Ask a Social Worker is a monthly column featuring questions from the community and answers from members of NHF’s Social Work Working Group. If you have questions for our social workers, send them to [email protected].
I’m 24 and have severe hemophilia A. My entire life, I’ve been fortunate enough to be covered under private insurance. Currently, my health insurance is through my employer. Recently I’ve been thinking of leaving my job to work on personal projects. My savings are sufficient to support myself for a few years, but the loss of health insurance concerns me.
My monthly COBRA premium would be $800, and the cheapest marketplace plan I found while searching (albeit cursorily) was $500. These are quite expensive, so I was wondering: Would having hemophilia qualify me for some sort of public insurance such as Medicaid (or even Medicare)?
For context, I’m based in New York (though I can relocate back home to New Jersey), and my income would be $0. I plan to reach out to my social worker as well, but figure it would be worthwhile to reach out to you first.
Reaching out to your hemophilia treatment center (HTC) social worker is a great idea. Medical insurance for the bleeding disorders community, despite being something everyone across the nation relies on, varies greatly from state to state—most notably as it pertains to Medicaid. So, while I can give some guidance here, it is always best to follow up with someone who can speak to your specific situation and give you a better sense of what your options are.

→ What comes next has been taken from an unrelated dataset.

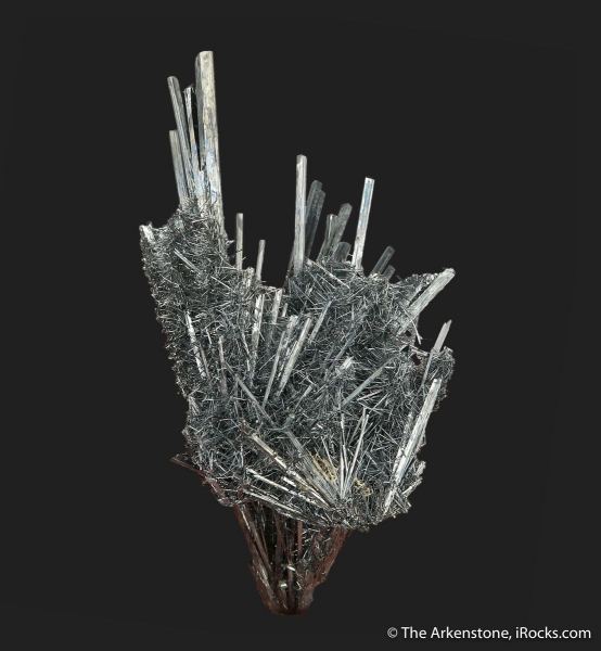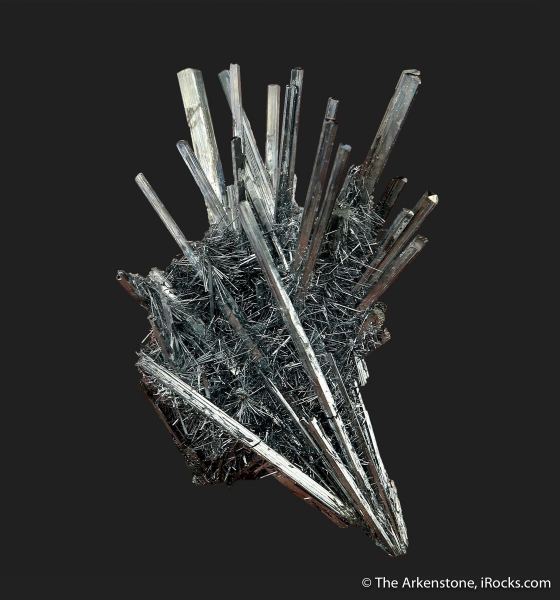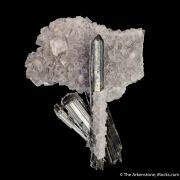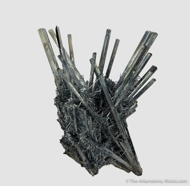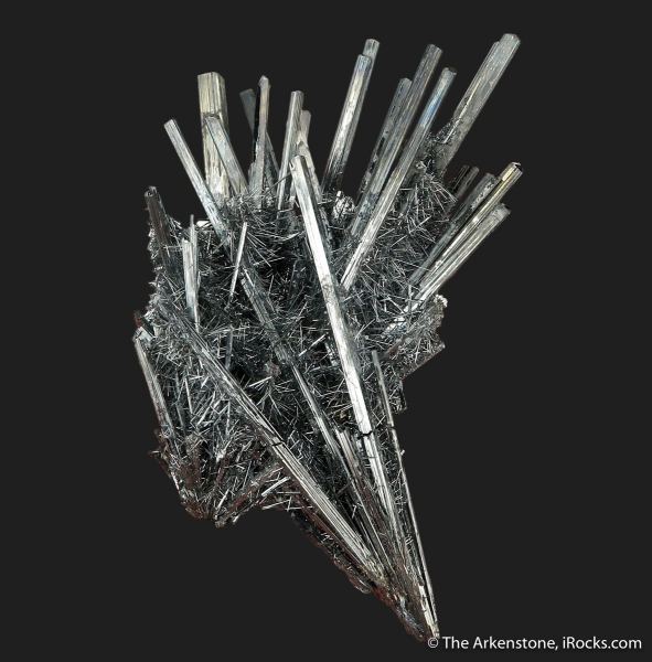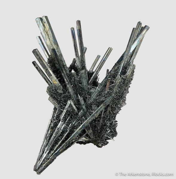This is a Stibnite from Xikuangshan Sb deposit, Lengshuijiang Co., Loudi, Hunan, China. Beautiful and delicate, this Stibnite from a more uncommon locality in China has a distinct combination of two generations of crystals and combines long, slender crystals with tiny, hair-like needles of Stibnite.Data last checked on 26th Aug 2024 - specimen may no longer be available
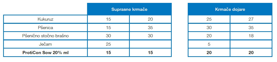Ova koncentrovana predsmeša se koriti za suprasne krmače koje se hrane kombinacijom sopstvenih žitarica i profesionalne dopunske smeše.

That said, here are some basic facts about your public healthcare insurance options:
Medicaid is a state-run healthcare insurance program that is usually designated for people who meet certain criteria, most notably low-income status. New York Medicaid, for example, states that it may cover people if they have high medical bills, meet certain income requirements or receive Supplemental Security Income. In New York and New Jersey, the financial limit for a single-person household is $17,131 per year before taxes, whereas Louisiana, for example, sets its limit alongside the federal poverty guideline of $12,880.
Medicare, on the other hand, is a federal insurance program aimed at people ages 65 and older. Some can qualify for Medicare before age 65, but that requires receiving benefits from Social Security Disability Insurance or a diagnosis of end-stage renal disease or Lou Gehrig’s disease (amyotrophic lateral sclerosis, or ALS). Given that you’re not approaching 65 anytime soon, it would require applying to Social Security for disability status, and that is a topic far bigger than I can answer here. Suffice it to say that while a diagnosis of hemophilia by itself was considered a disability in years past, that no longer is the case. Patients with bleeding disorders are encountering many more challenges to disability applications in recent years, given that medications and treatment have improved and technology has helped close gaps to the workforce.
Another option that is available in New York state is an Essential Plan. This is health insurance for residents who earn above the Medicaid threshold but not enough to afford a health insurance marketplace plan or COBRA coverage. The income threshold is $25,760 per year for a household of one.
Again, it’s a good idea to speak to your HTC’s social worker. Some states may have programs that are not known nationally, like the Essential Plan. Your social worker will be more aware of these programs, their requirements and how to access them.
I wish you the best on your personal projects. Working for yourself can be daunting and exciting at the same time. Your bleeding disorder should not be a barrier between you and your goals.
—Alfredo A. Narvaez, LMSW
Narvaez is a social worker at the Louisiana Center for Bleeding and Clotting Disorders in New Orleans and a member of the Social Work Working Group.